Collating non-linear texts modeled in HyperGraphs

Geek Repo:Geek Repo

Github PK Tool:Github PK Tool

HyperCollate

DOI GitHub Actions Snyk Vulnerabilities for GitHub Repo GitHub language count Project Status: Inactive – The project has reached a stable, usable state but is no longer being actively developed; support/maintenance will be provided as time allows.

General

HyperCollate is a prototype collation engine that is able to handle in-text variation (i.e. textual variation within one witness) if it’s marked with the TEI/XML elements <del>, <add>, <subst>, <app> or <rdg>. HyperCollate considers these elements as an interruption in the linear flow of the text: when its parser encounters a <del>, <add>, <subst>, <app> or <rdg> element, the stream of text tokens splits up into two or more branches. During the alignment process, HyperCollate looks at each branch and selects the one with the most matches. This means you do not have to linearize or “flatten” your TEI/XML transcription: the multiple layers within an individual witness can be preserved.

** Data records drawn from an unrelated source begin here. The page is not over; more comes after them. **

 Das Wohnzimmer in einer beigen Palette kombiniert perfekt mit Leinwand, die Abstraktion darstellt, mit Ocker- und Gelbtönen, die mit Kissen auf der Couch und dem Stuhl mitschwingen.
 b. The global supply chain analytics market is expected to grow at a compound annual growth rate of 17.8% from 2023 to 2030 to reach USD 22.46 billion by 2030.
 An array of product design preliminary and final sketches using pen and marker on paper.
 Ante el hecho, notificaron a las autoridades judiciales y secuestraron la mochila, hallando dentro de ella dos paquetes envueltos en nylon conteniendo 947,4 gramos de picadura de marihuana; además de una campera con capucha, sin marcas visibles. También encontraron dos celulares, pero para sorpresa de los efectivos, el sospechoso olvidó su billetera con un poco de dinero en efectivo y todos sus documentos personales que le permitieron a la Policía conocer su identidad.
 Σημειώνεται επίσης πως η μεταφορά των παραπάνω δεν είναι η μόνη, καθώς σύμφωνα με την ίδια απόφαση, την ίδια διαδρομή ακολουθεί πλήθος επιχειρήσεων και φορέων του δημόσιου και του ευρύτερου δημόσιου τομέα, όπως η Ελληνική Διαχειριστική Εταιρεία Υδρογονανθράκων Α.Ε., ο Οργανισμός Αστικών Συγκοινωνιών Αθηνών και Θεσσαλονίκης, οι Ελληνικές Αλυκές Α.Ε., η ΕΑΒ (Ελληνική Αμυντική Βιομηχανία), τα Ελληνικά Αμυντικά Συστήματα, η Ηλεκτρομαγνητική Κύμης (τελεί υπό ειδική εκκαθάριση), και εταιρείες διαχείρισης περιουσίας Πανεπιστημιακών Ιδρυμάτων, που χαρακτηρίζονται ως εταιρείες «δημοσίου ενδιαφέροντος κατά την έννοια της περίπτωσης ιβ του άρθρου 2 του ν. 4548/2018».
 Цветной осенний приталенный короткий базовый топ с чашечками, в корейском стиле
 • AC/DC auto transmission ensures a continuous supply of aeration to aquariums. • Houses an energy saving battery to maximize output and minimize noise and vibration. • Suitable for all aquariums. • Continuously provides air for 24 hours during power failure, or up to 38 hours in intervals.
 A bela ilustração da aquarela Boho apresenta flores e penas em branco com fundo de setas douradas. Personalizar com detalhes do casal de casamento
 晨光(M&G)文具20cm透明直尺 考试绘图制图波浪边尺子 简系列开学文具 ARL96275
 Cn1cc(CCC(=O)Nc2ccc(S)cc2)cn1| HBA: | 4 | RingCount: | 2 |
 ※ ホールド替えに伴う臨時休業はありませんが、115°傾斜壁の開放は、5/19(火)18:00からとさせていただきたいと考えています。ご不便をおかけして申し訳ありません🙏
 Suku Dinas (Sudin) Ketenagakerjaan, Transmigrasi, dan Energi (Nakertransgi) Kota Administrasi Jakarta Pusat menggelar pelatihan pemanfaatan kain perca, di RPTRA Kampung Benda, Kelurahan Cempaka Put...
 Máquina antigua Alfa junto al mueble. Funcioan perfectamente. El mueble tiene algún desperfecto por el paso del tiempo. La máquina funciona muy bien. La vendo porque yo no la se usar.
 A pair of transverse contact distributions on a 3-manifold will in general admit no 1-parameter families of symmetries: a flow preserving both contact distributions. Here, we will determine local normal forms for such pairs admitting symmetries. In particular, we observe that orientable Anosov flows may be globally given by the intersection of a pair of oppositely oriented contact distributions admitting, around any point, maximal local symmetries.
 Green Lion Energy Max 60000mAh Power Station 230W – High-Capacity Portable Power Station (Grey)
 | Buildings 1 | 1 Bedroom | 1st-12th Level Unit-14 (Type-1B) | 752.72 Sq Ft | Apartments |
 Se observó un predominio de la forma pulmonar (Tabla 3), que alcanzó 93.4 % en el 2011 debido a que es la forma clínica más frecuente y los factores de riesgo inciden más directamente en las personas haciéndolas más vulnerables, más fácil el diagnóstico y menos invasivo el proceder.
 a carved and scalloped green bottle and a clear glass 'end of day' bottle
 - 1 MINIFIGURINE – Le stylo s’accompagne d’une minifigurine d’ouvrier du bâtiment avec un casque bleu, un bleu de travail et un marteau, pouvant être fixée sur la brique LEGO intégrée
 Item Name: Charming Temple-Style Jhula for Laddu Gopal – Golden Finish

When you install and run HyperCollate, you create a work environment in your browser. This work environment (or “server”) is a local environment, which means that only you can access it. In other words: you have a private environment to experiment with HyperCollate at liberty.

How to install HyperCollate

NOTE: these instructions are optimised for users with a Mac OS.

HyperCollate is easy to install and to use. Below we give you three options to install it: downloading a JAR or a WAR file, or building it yourself.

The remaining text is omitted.